Exercise prompt: Please reproduce the records exactly, leaving out any pictures.

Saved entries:
--------------------------------
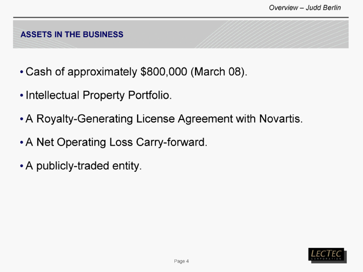 | ASSETS IN THE BUSINESS Cash of approximately $800,000 (March 08). Intellectual Property Portfolio. A Royalty-Generating License Agreement with Novartis. A Net Operating Loss Carry-forward. A publicly-traded entity. Overview - Judd Berlin |
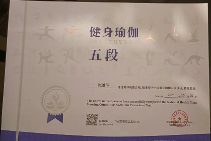 祝贺张雅萍在西安薄珈梵歌五星级场馆荣获国家体育总局健身瑜伽五段段位
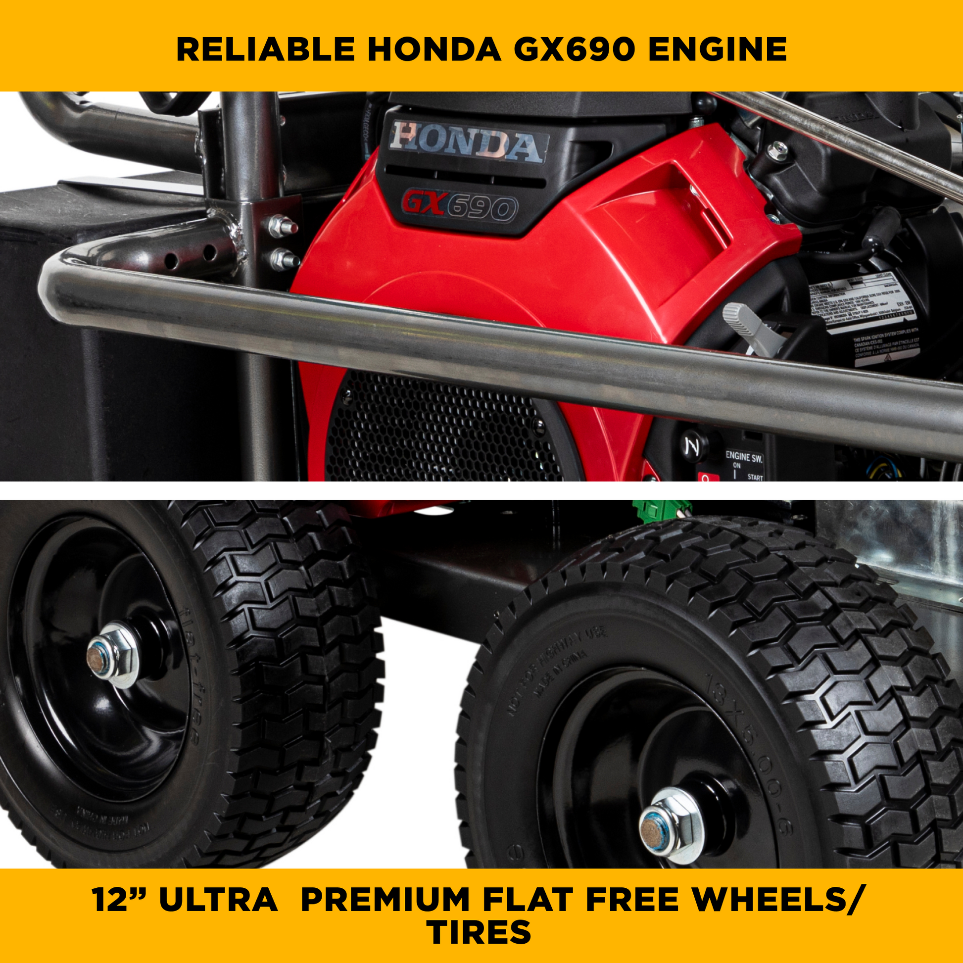 Powered by a Honda GX690 engine with electric start
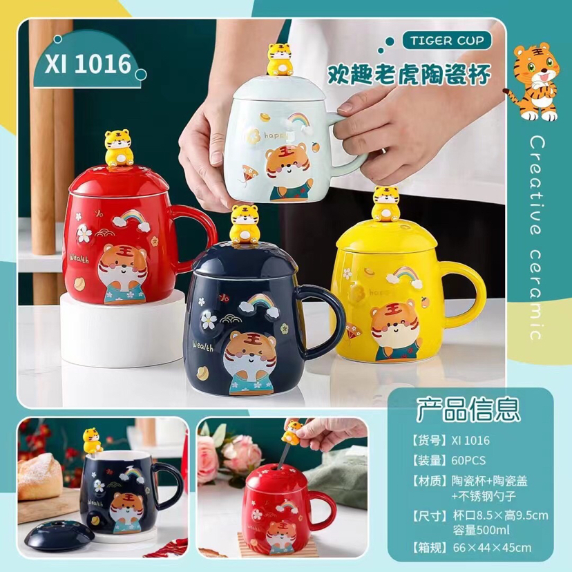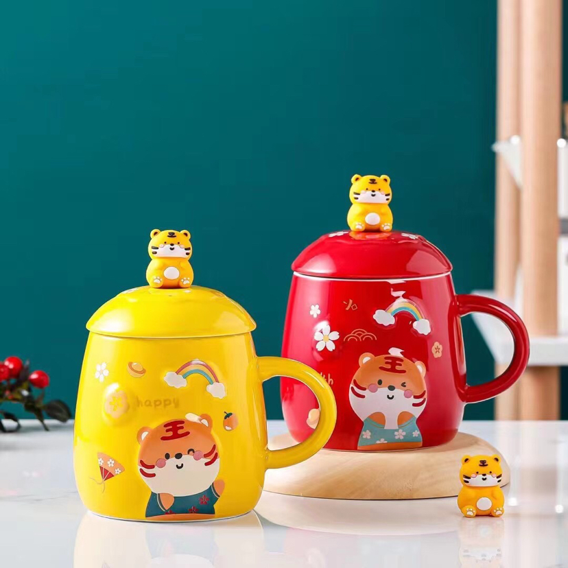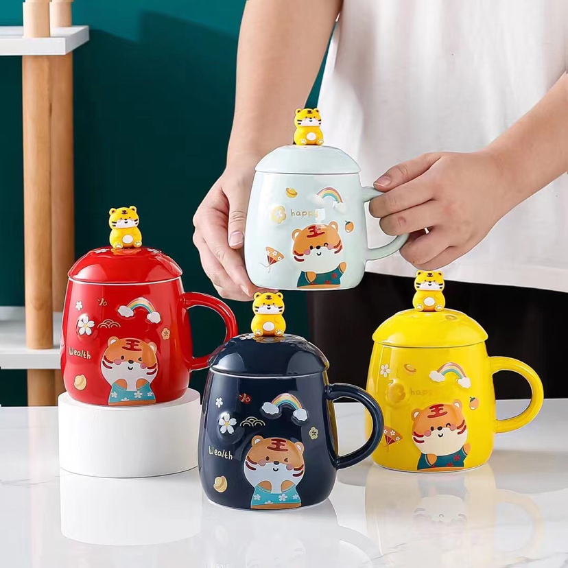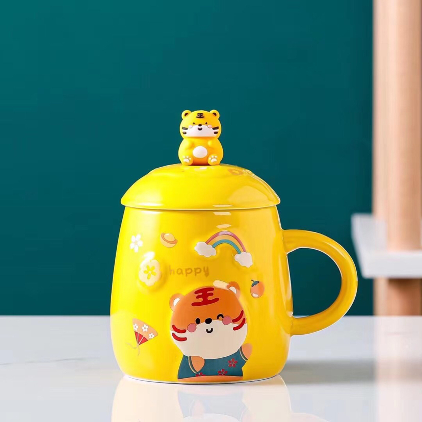 Hot Sale Cartoon Chinese Zodiac Signs Tiger Ceramic Cup with Cover with Spoon Mug Creative Glass
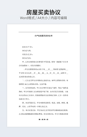本作品内容为房屋买卖协议书下载,大小为19.25KB,作品为高清大图模板,格式为docx, 属于房屋买卖模板,作品模板源文件下载后可用编辑替换,模板中如有人物画像仅供参考禁止商用。小Q办公网-提供简历,PPT,Word,Excel优质模板素材下载模版平台,拥有海量的工作总结、竞聘求职、年终颁奖、计划书等。 通过小Q办公网下载房屋买卖模板源文件编辑修改源文件文字和图片即可使用。
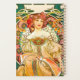 Planner featuring Alphonse Mucha’s lithograph Reverie (1897). A portrait of a woman in a white dress reads a book, sitting in front of pink and orange flowers. A great gift for fans of Art Nouveau and Bohemian art.
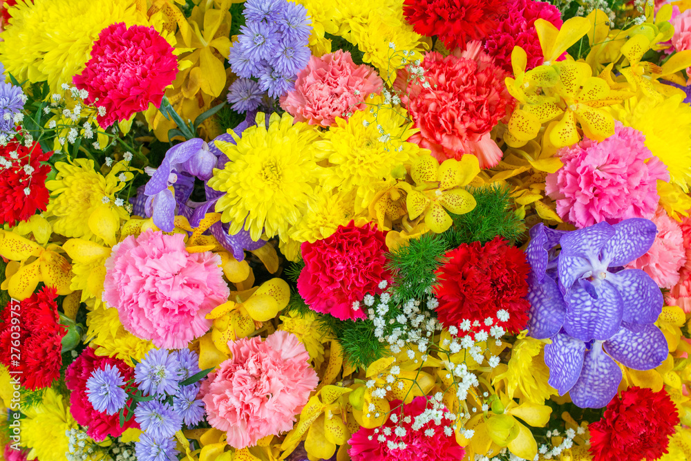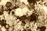 Abstract background with bunches of different varieties of colourful flowers.
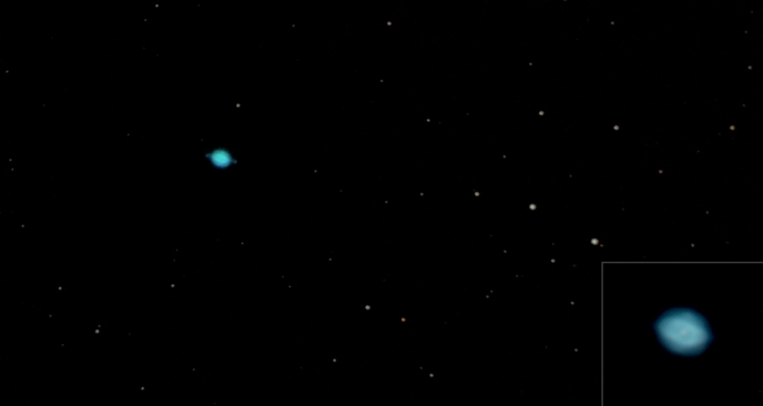 Der auch als Saturnnebel bekannte NGC 7009, ein Planetarischer Nebel - entdeckt1782 von William Herschel im Wassermann. Rechts unten eingeblendet mit 3facher Drizzle-Vergrößerung.
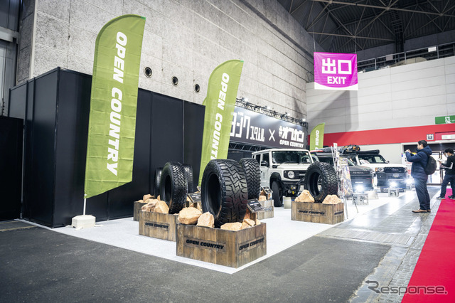 大阪オートメッセ2026に巨大なブースを展開し「PROXES」と「OPEN COUNTRY」の2大看板ブランドに、合計7台の展示を行ったトーヨータイヤ。ブース向かって左側にはプロクセスの世界観を表現する4台、さらに右サイドにはオフ&アウトドアイメージを強く感じさせるオープンカン…
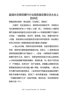副县长在烟花爆竹行业高质量发展交流大会上的讲话.docx
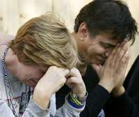 Cindy Sheehan, acompa� de Juan Torres, oran por la paz a las puertas del rancho de George W. Bush en Crawford, Texas, ayer. La activista, madre de un soldado muerto en combate en Irak, instal� campamento en el lugar desde el verano pasado para exigir al gobierno el regreso de las tropas estadunidenses FOTO Reuters
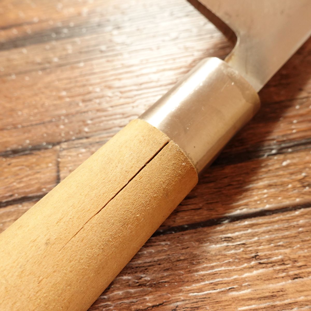 The Deba is a traditional Japanese knife specialized for filleting fish, with its thick and durable blade. This piece shows minimal signs of use, though there’s a small crack on the handle from storage, which does not affect usability and is reflected in the price. Made from single-edged high-carbon steel, it delivers excellent sharpness.
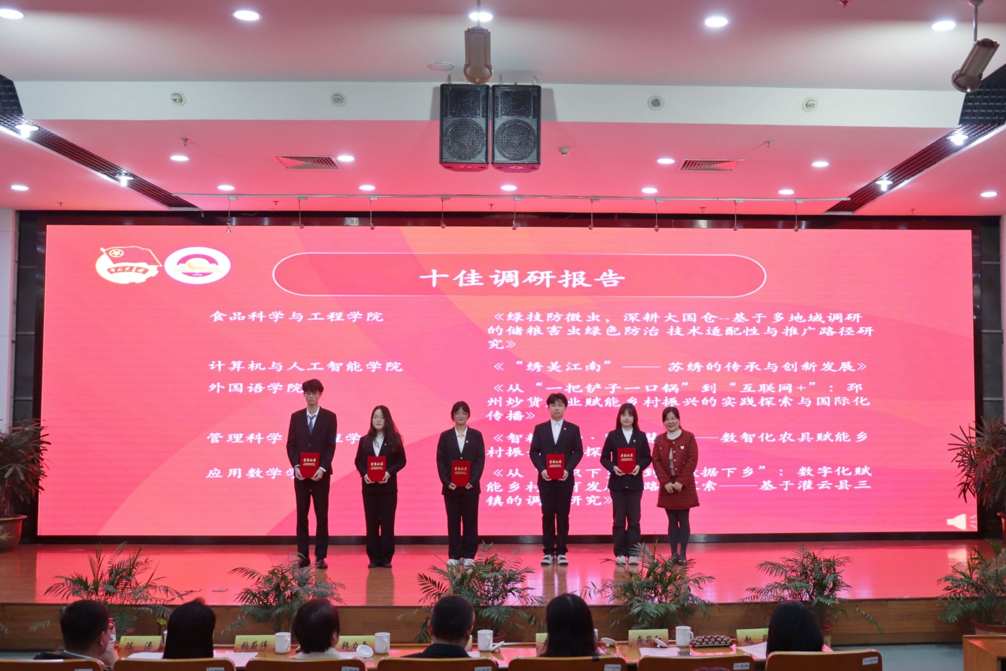 10月30日中午,金年会2025年暑期“三下乡”社会实践总结表彰大会在仙林校区图书馆一楼报告厅召开。党委常委、副校长赵国栋出席会议。党委宣传部、党委学生工作部、党委研究生工作部、教务处等相关部门负责人,各学院党委副书记、团委负责老师,校团委全体成员及受表彰师生代表参加会议。会议由校团委副书记(挂)盛业旭主持。
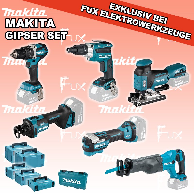 Zu "Gipser Set" von Makita FUX SPECIAL EXKLUSIV BEI FUX Makita Gipser Set 9 SOLO Bestell- und Artikelnummer: maGipser Set 9 SOLO DHP484ZJ Akku-SchlagbohrschrauberAkkuspannung 18 V Drehzahlen 0-500 / 0-2000 U/min Drehmoment hart / weich 54 / 30 Nm Gewicht 1.6 kgInfos DFS251ZJ Akku-SchrauberAkkuspannung 18 V Drehzahl 0-2500 U/min Werkzeugaufnahme 1/4" (Innensechskant) Gewicht 1.5 kgInfos DTM52Z Multifunktions WerkzeugAkkuspannung 18 V Schwingungen 10000 - 20000 min-1 Werkzeugaufnahme Starlock Max System Gewicht inkl. Akku 2.0 kg Infos DCO181Z Akku-RotationsschneiderAkkuspannung 18 V Leerlaufdrehzahl 32‘000 /min Für 1/4" und 1/8" Werkzeuge Gewicht inkl. Akku 1.7 kgInfos DJR186ZK Akku-SäbelsägeAkkuspannung 18 V Hubzahl 0-2800 / min Schnittleistung Holz 255 mm / Rohre 130 mm Gewicht 3.6 kgInfos DJV18ZJ Akku-StichsägeAkkuspannung 18 V Hubzahl 800 - 3500/ min Schnittleistung Holz 135 mm / Stahl 10 mm Gewicht 2.5 kgInfos MAKPAC Gr. 3Produktabmessung (L x B x H) 377 x 277 x 176 mm Infos Einsatz für DTM52 Einsatz für DTM52 Makpac Koffer Typ C (821551-8) Infos MAKPAC Gr. 1Produktabmessung (L x B x H) 395 x 295 x 110 mm Infos Einsatz für DCO181Einsatz für DCO181 Makpac Koffer Typ A (821549-5)Infos OHNE AKKUS UND LADEGERÄT Standard-Ausrüstung In diesem Set enthalten: DHP484ZJ Akku-Schlagbohrschrauber DFS251ZJ Akku-Schrauber DTM52Z Multifunktions Werkzeug DCO181Z Akku-Rotationsschneider DJR186ZK Akku-Säbelsäge DJV18ZJ Akku-Stichsäge MAKPAC Gr. 3 Einsatz für DTM52 MAKPAC Gr. 1 Einsatz für DCO181 Geliefert im Koffer Zubehör Listenpreis CHF 1'683.00 Fuxpreis CHF 1'140.00 inklusive 8.1% MwSt Versand CHF 20.00 Kein Grauimport! Produkt bestellen 1 Stück 2 Stück 3 Stück 4 Stück 5 Stück 6 Stück 7 Stück 8 Stück 9 Stück 10 Stück Option: Makita BL 1860 B ( Li-lon Akku ) für CHF 95.- statt CHF 124.-Infos Alle Angaben ohne Gewähr und solange Vorrat reicht!Wiederverkäufer werden? Produkt als PDF AKTION 32%
--------------------------------
Solution:
 | ASSETS IN THE BUSINESS Cash of approximately $800,000 (March 08). Intellectual Property Portfolio. A Royalty-Generating License Agreement with Novartis. A Net Operating Loss Carry-forward. A publicly-traded entity. Overview - Judd Berlin |
 祝贺张雅萍在西安薄珈梵歌五星级场馆荣获国家体育总局健身瑜伽五段段位
 Powered by a Honda GX690 engine with electric start
 Hot Sale Cartoon Chinese Zodiac Signs Tiger Ceramic Cup with Cover with Spoon Mug Creative Glass
本作品内容为房屋买卖协议书下载,大小为19.25KB,作品为高清大图模板,格式为docx, 属于房屋买卖模板,作品模板源文件下载后可用编辑替换,模板中如有人物画像仅供参考禁止商用。小Q办公网-提供简历,PPT,Word,Excel优质模板素材下载模版平台,拥有海量的工作总结、竞聘求职、年终颁奖、计划书等。 通过小Q办公网下载房屋买卖模板源文件编辑修改源文件文字和图片即可使用。
 Planner featuring Alphonse Mucha’s lithograph Reverie (1897). A portrait of a woman in a white dress reads a book, sitting in front of pink and orange flowers. A great gift for fans of Art Nouveau and Bohemian art.
 Abstract background with bunches of different varieties of colourful flowers.
 Der auch als Saturnnebel bekannte NGC 7009, ein Planetarischer Nebel - entdeckt1782 von William Herschel im Wassermann. Rechts unten eingeblendet mit 3facher Drizzle-Vergrößerung.
 大阪オートメッセ2026に巨大なブースを展開し「PROXES」と「OPEN COUNTRY」の2大看板ブランドに、合計7台の展示を行ったトーヨータイヤ。ブース向かって左側にはプロクセスの世界観を表現する4台、さらに右サイドにはオフ&アウトドアイメージを強く感じさせるオープンカン…
副县长在烟花爆竹行业高质量发展交流大会上的讲话.docx
 Cindy Sheehan, acompa� de Juan Torres, oran por la paz a las puertas del rancho de George W. Bush en Crawford, Texas, ayer. La activista, madre de un soldado muerto en combate en Irak, instal� campamento en el lugar desde el verano pasado para exigir al gobierno el regreso de las tropas estadunidenses FOTO Reuters
 The Deba is a traditional Japanese knife specialized for filleting fish, with its thick and durable blade. This piece shows minimal signs of use, though there’s a small crack on the handle from storage, which does not affect usability and is reflected in the price. Made from single-edged high-carbon steel, it delivers excellent sharpness.
 10月30日中午,金年会2025年暑期“三下乡”社会实践总结表彰大会在仙林校区图书馆一楼报告厅召开。党委常委、副校长赵国栋出席会议。党委宣传部、党委学生工作部、党委研究生工作部、教务处等相关部门负责人,各学院党委副书记、团委负责老师,校团委全体成员及受表彰师生代表参加会议。会议由校团委副书记(挂)盛业旭主持。
 Zu "Gipser Set" von Makita FUX SPECIAL EXKLUSIV BEI FUX Makita Gipser Set 9 SOLO Bestell- und Artikelnummer: maGipser Set 9 SOLO DHP484ZJ Akku-SchlagbohrschrauberAkkuspannung 18 V Drehzahlen 0-500 / 0-2000 U/min Drehmoment hart / weich 54 / 30 Nm Gewicht 1.6 kgInfos DFS251ZJ Akku-SchrauberAkkuspannung 18 V Drehzahl 0-2500 U/min Werkzeugaufnahme 1/4" (Innensechskant) Gewicht 1.5 kgInfos DTM52Z Multifunktions WerkzeugAkkuspannung 18 V Schwingungen 10000 - 20000 min-1 Werkzeugaufnahme Starlock Max System Gewicht inkl. Akku 2.0 kg Infos DCO181Z Akku-RotationsschneiderAkkuspannung 18 V Leerlaufdrehzahl 32‘000 /min Für 1/4" und 1/8" Werkzeuge Gewicht inkl. Akku 1.7 kgInfos DJR186ZK Akku-SäbelsägeAkkuspannung 18 V Hubzahl 0-2800 / min Schnittleistung Holz 255 mm / Rohre 130 mm Gewicht 3.6 kgInfos DJV18ZJ Akku-StichsägeAkkuspannung 18 V Hubzahl 800 - 3500/ min Schnittleistung Holz 135 mm / Stahl 10 mm Gewicht 2.5 kgInfos MAKPAC Gr. 3Produktabmessung (L x B x H) 377 x 277 x 176 mm Infos Einsatz für DTM52 Einsatz für DTM52 Makpac Koffer Typ C (821551-8) Infos MAKPAC Gr. 1Produktabmessung (L x B x H) 395 x 295 x 110 mm Infos Einsatz für DCO181Einsatz für DCO181 Makpac Koffer Typ A (821549-5)Infos OHNE AKKUS UND LADEGERÄT Standard-Ausrüstung In diesem Set enthalten: DHP484ZJ Akku-Schlagbohrschrauber DFS251ZJ Akku-Schrauber DTM52Z Multifunktions Werkzeug DCO181Z Akku-Rotationsschneider DJR186ZK Akku-Säbelsäge DJV18ZJ Akku-Stichsäge MAKPAC Gr. 3 Einsatz für DTM52 MAKPAC Gr. 1 Einsatz für DCO181 Geliefert im Koffer Zubehör Listenpreis CHF 1'683.00 Fuxpreis CHF 1'140.00 inklusive 8.1% MwSt Versand CHF 20.00 Kein Grauimport! Produkt bestellen 1 Stück 2 Stück 3 Stück 4 Stück 5 Stück 6 Stück 7 Stück 8 Stück 9 Stück 10 Stück Option: Makita BL 1860 B ( Li-lon Akku ) für CHF 95.- statt CHF 124.-Infos Alle Angaben ohne Gewähr und solange Vorrat reicht!Wiederverkäufer werden? Produkt als PDF AKTION 32%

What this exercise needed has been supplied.